#### [The data]

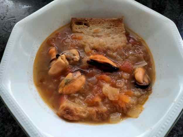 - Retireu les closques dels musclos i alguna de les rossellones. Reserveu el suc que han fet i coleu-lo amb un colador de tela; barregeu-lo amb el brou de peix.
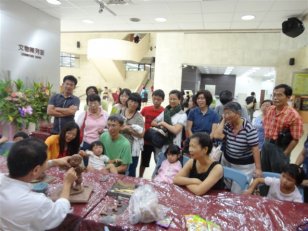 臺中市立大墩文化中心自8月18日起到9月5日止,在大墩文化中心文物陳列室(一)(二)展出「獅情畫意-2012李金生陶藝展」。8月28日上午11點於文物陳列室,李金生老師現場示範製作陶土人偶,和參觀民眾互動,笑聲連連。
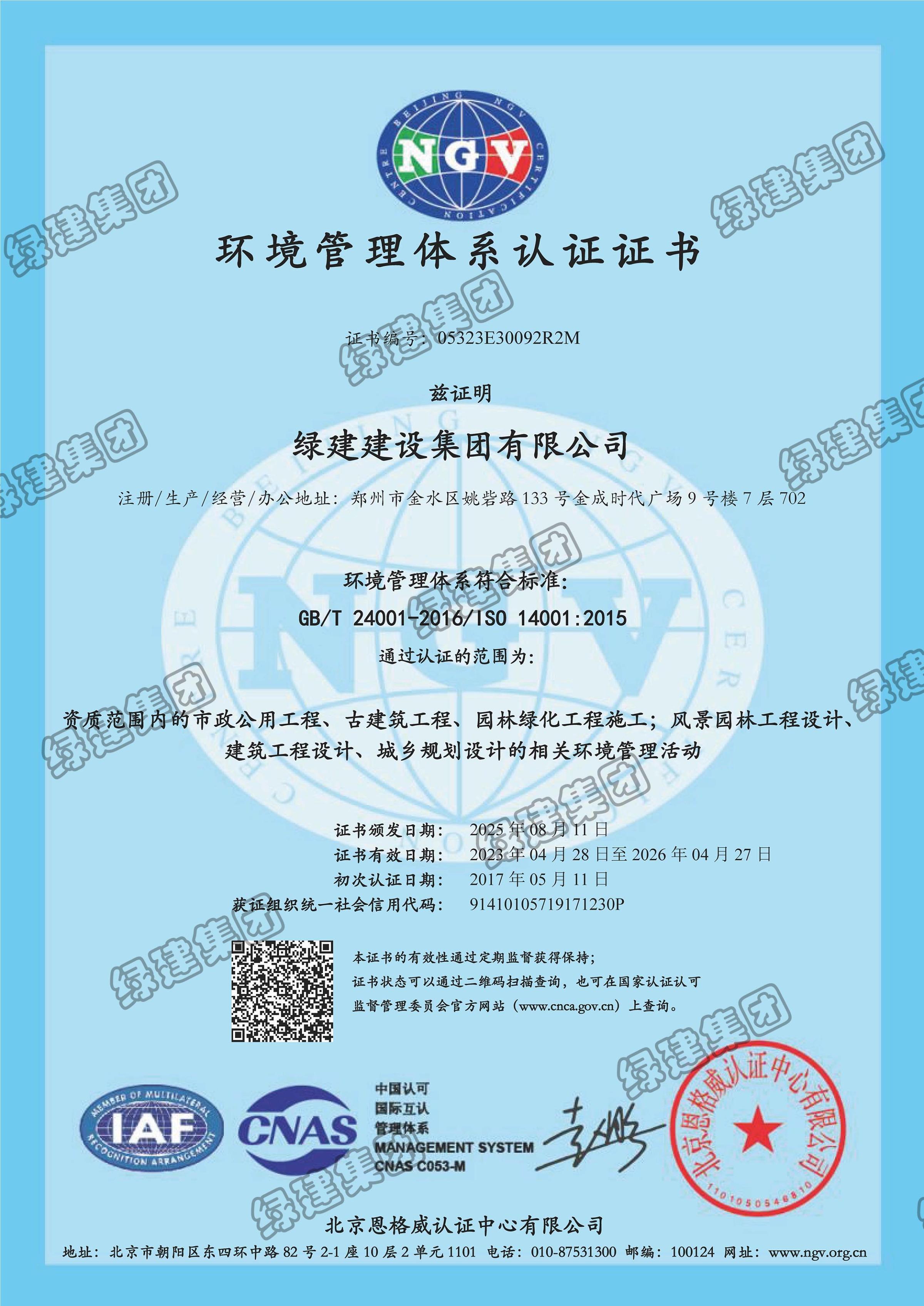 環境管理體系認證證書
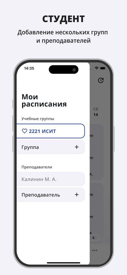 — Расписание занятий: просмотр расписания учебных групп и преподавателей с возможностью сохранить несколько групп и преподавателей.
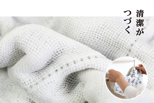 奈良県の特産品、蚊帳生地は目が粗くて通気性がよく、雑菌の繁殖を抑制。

==

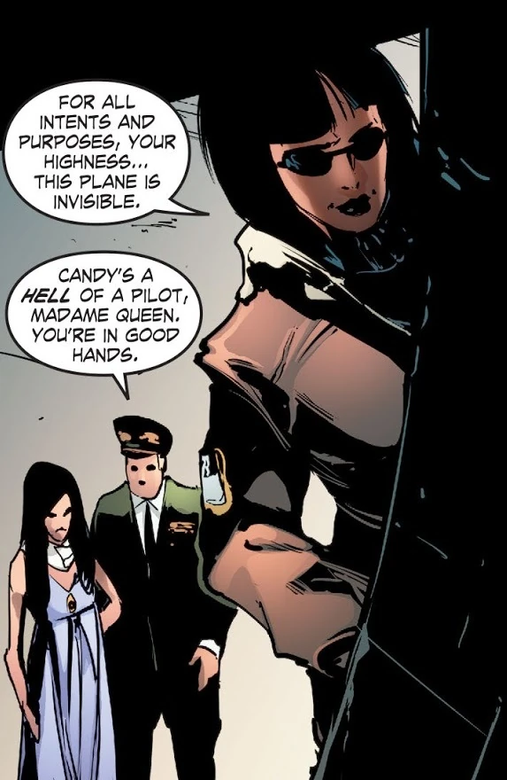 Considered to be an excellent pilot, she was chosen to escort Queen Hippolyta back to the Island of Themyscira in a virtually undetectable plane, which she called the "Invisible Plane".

#### [What to work on]
Exactly reproduce the lines above, starting at the one that contains "臺中市立大墩文化中心自8月1" and ending at the one that contains "奈良県の特産品、蚊帳生地は目が粗くて通気性がよく、雑菌の繁殖を抑制。", both inclusive; leave the pictures out and add no other lines.

#### [Exercise response]
 臺中市立大墩文化中心自8月18日起到9月5日止,在大墩文化中心文物陳列室(一)(二)展出「獅情畫意-2012李金生陶藝展」。8月28日上午11點於文物陳列室,李金生老師現場示範製作陶土人偶,和參觀民眾互動,笑聲連連。
 環境管理體系認證證書
 — Расписание занятий: просмотр расписания учебных групп и преподавателей с возможностью сохранить несколько групп и преподавателей.
 奈良県の特産品、蚊帳生地は目が粗くて通気性がよく、雑菌の繁殖を抑制。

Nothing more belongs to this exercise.